We then wanted to test how any of these assembly conformations relate to the catalytic activity conferred by the individual hairpins. For unlabeled RNA, single turnover experiments using site-specifically ³²P-labeled substrates showed that without the presence of snR81 acting as a guide RNA, the proteins do not exhibit activity on their own (Supplementary Figure S11). In absence of Nop10 or Gar1, again no pseudouridylation was detected. With the addition of H5 or H3 RNAs to the full set of proteins Nhp2, Nop10, Cbf5 and Gar1 (WNCG), both hairpin RNPs showed high enzymatic activity in single turnover assays. When testing the FRET-labeled H5 RNA, it showed only minimally reduced catalytic conversion in single turnover experiments (Supplementary Figure S11).

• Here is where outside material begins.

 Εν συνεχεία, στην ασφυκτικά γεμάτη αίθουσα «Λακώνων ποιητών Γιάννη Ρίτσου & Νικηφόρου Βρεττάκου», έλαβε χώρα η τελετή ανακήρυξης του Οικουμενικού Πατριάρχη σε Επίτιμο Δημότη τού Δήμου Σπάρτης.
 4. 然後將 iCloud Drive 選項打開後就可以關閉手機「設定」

For unlabeled H5, the full complex showed almost quantitative turnover of substrate RNA, yielding 93% conversion after 22 h (Figure 3A). In absence of Nhp2, this decreased to 73%. In the case of H3 (Figure 3B), activity is significantly lower, with only 27% conversion after 22 h. Removal of Nhp2 however completely abolishes detectable levels of pseudouridylation.

Figure 3.

Pseudouridylation activity assays of both snR81 isolated hairpins dependent on the presence of Nhp2. (A) Activity of H5 stand-alone hairpin with WNCG (cyan) and NCG (black) complex. (B) Activity of H3 stand-alone hairpin with WNCG (orange) and NCG (black) complex. (C) Activity of H5Δ versus H5 stand-alone hairpins with WNCG (violet and dashed cyan, respectively) and NCG (black and dashed black, respectively) complex.

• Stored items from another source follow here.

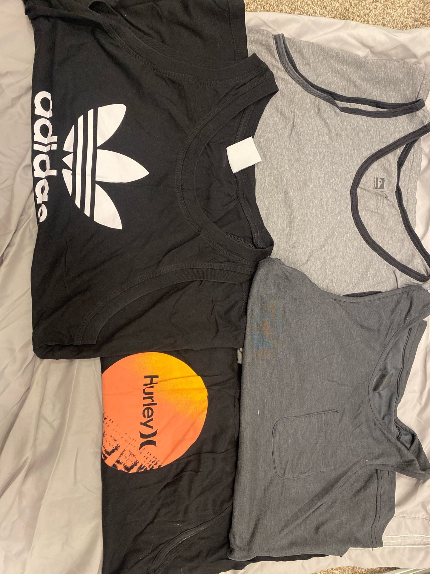 The North Face, quicksilver, Hurley, Adidas. Size large.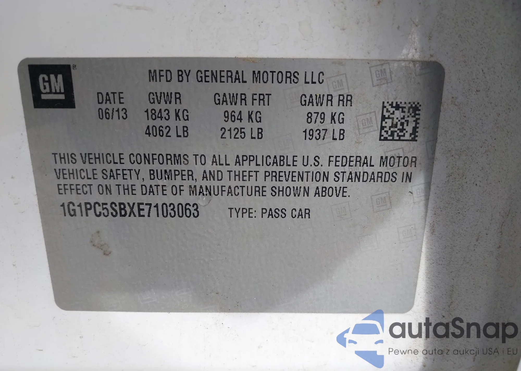 LOT: 44071983 VIN: 1G1PC5SBXE7103063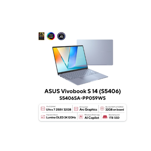 ASUS Vivobook S 14 OLED S5406SA-PP059WS : Ultra 7-258V | 32GB RAM | 1TB SSD | UMA | 14 inches 3K | Windows 11 | Xanh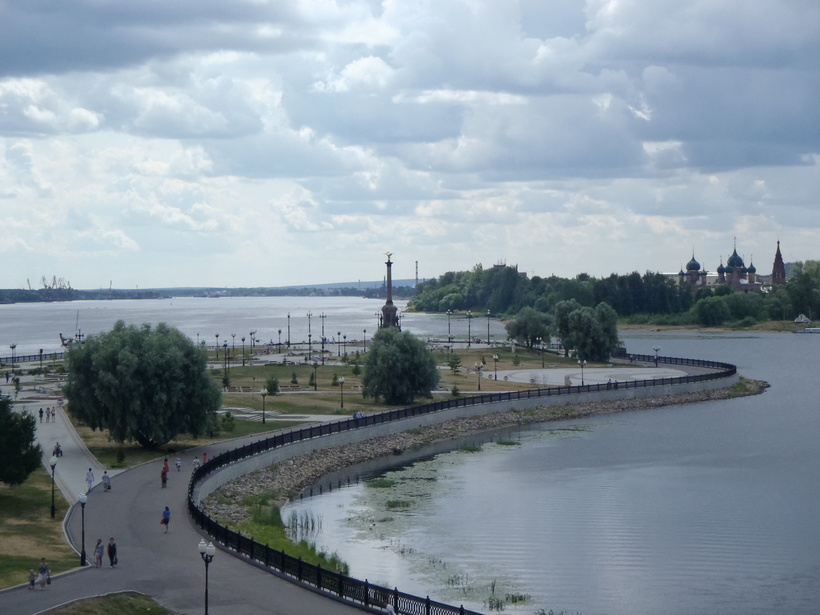 Сама Стрелка сейчас – это такая площадка, которая украшена очень красивыми клумбами и фонтанами. Их включают весной, когда выключают – не знаю, но посмотреть на них однозначно стоит. Ради одних фонтанов в Ярославль не нужно ехать, конечно, просто это место, такое, как оно есть сейчас, очень тесно связано с историей города, с его духом. Вот не зря там было древнее святилище. Мне кажется, в этих местах сохраняется специальное настроение – причем совершенно естественным образом. Смотришь, как танцуют струны фонтанов, и в их переливах возникают призрачные фигуры... а потом думаешь: да нет, это только показалось! Но холодок по спине пробегает.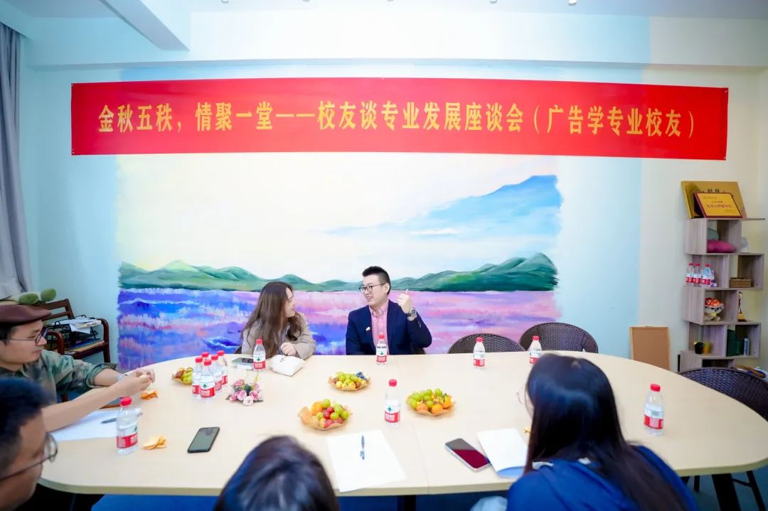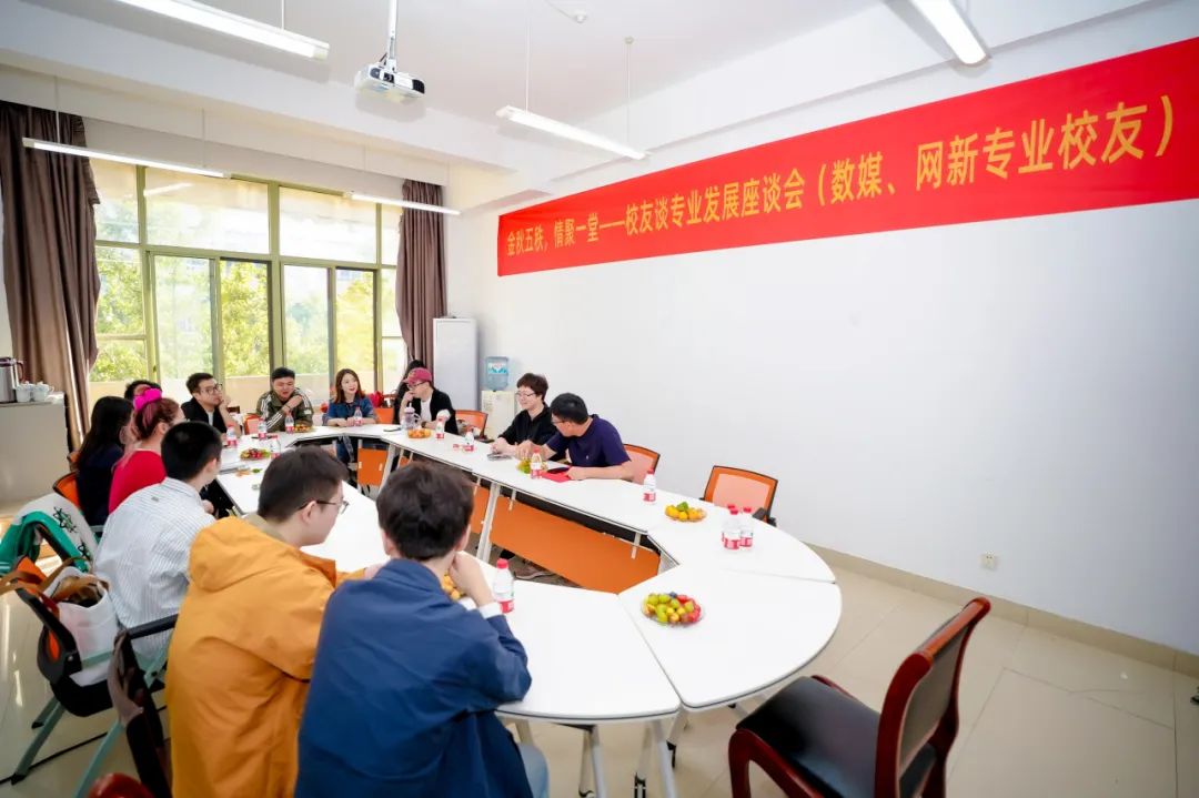 自建院以来,太阳成学子在各领域展现着卓越的才华。学院楼内举办了专业发展座谈会,特邀多位杰出校友与专业教师共聚一堂,探讨各专业的现状与未来。会议下设三个分会场,汉语言文学专业、广告学专业、数字媒体艺术与网络与新媒体专业,旨在深度交流与讨论。

These results suggest that the structure of the region of the RNA to which Nhp2 binds differs between the two hairpins. In order to investigate the effect of Nhp2 on the apical region of the individual hairpins, we devised truncated constructs for both H5 and H3, termed H5Δ and H3Δ. For H5Δ, H5 was truncated after 5 bp in the apical helix, closed by a UUGG tetraloop, while for H3Δ, H3 was truncated after 5 bp with a GCUU tetraloop.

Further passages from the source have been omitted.